RESEARCH DESIGN AND METHODS Maternal plasma concentrations of placental growth factor (PlGF), soluble fms-like tyrosine kinase 1 (sFlt-1), and soluble endoglin (sEng) were available at 26 weeks of gestation in 540 women with type 1 diabetes enrolled in the Diabetes and Preeclampsia Intervention Trial.

RESULTS Preeclampsia developed in 17% of pregnancies (n = 94). At 26 weeks of gestation, women in whom preeclampsia developed later had significantly lower PlGF (median [interquartile range]: 231 pg/mL [120–423] vs. 365 pg/mL [237–582]; P < 0.001), higher sFlt-1 (1,522 pg/mL [1,108–3,393] vs. 1,193 pg/mL [844–1,630] P < 0.001), and higher sEng (6.2 ng/mL [4.9–7.9] vs. 5.1 ng/mL[(4.3–6.2]; P < 0.001) compared with women who did not have preeclampsia. In addition, the ratio of PlGF to sEng was significantly lower (40 [17–71] vs. 71 [44–114]; P < 0.001) and the ratio of sFlt-1 to PlGF was significantly higher (6.3 [3.4–15.7] vs. 3.1 [1.8–5.8]; P < 0.001) in women who later developed preeclampsia. The addition of the ratio of PlGF to sEng or the ratio of sFlt-1 to PlGF to a logistic model containing established risk factors (area under the curve [AUC], 0.813) significantly improved the predictive value (AUC, 0.850 and 0.846, respectively; P < 0.01) and significantly improved reclassification according to the integrated discrimination improvement index (IDI) (IDI scores 0.086 and 0.065, respectively; P < 0.001).

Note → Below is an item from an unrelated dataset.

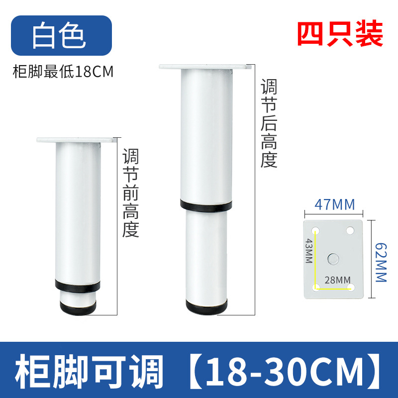 • 흰색 18cm/4개 [18-30cm 조절 가능] 내하중 500kg

CONCLUSIONS These data suggest that angiogenic and antiangiogenic factors measured during the second trimester are predictive of preeclampsia in women with type 1 diabetes. The addition of the ratio of PlGF to sEng or the ratio of sFlt-1 to PlGF to established clinical risk factors significantly improves the prediction of preeclampsia in women with type 1 diabetes.

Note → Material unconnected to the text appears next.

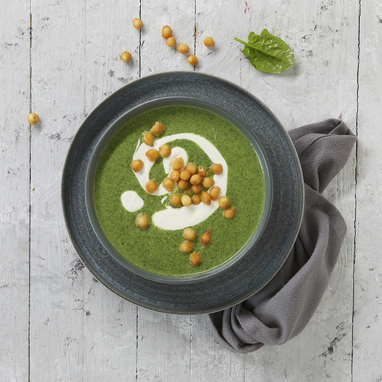 Spinat-Rahmsüppchen mit knusprigen Dinkel Backerbsen

Preeclampsia is characterized by the development of hypertension and new-onset proteinuria during the second half of pregnancy (1,2), leading to increased maternal morbidity and mortality (3). Women with type 1 diabetes are at increased risk for development of preeclampsia during pregnancy, with rates being two-times to four-times higher than that of the background maternity population (4,5). Small advances have come from preventive measures, such as low-dose aspirin in women at high risk (6); however, delivery remains the only effective intervention, and preeclampsia is responsible for up to 15% of preterm births and a consequent increase in infant mortality and morbidity (7).

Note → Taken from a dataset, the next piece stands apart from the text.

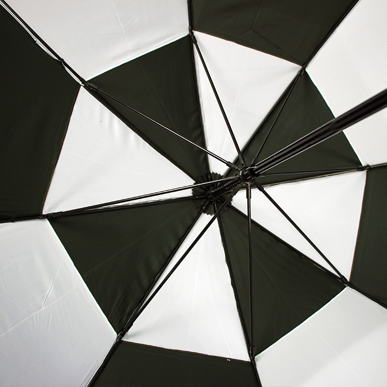 75cm rib length golf umbrella, fibreglass shaft, spring and cover with windproof device, hand-opening, nylon canopy, straight rubber handle.

Although the etiology of preeclampsia remains unclear, abnormal placental vascular remodeling and placental ischemia, together with maternal endothelial dysfunction, hemodynamic changes, and renal pathology, contribute to its pathogenesis (8). In addition, over the past decade accumulating evidence has suggested that an imbalance between angiogenic factors, such as placental growth factor (PlGF), and antiangiogenic factors, such as soluble fms-like tyrosine kinase 1 (sFlt-1) and soluble endoglin (sEng), plays a key role in the pathogenesis of preeclampsia (8,9). In women at low risk (10–13) and women at high risk (14,15), concentrations of angiogenic and antiangiogenic factors are significantly different between women who later develop preeclampsia (lower PlGF, higher sFlt-1, and higher sEng levels) compared with women who do not.

Few studies have specifically focused on circulating angiogenic factors and risk of preeclampsia in women with diabetes, and the results have been conflicting. In a small study, higher sFlt-1 and lower PlGF were reported at the time of delivery in women with diabetes who developed preeclampsia (16). In a longitudinal prospective cohort of pregnant women with diabetes, Yu et al. (17) reported increased sFlt-1 and reduced PlGF in the early third trimester as potential predictors of preeclampsia in women with type 1 diabetes, but they did not show any difference in sEng levels in women with preeclampsia compared with women without preeclampsia. By contrast, Powers et al. (18) reported only increased sEng in the second trimester in women with pregestational diabetes who developed preeclampsia.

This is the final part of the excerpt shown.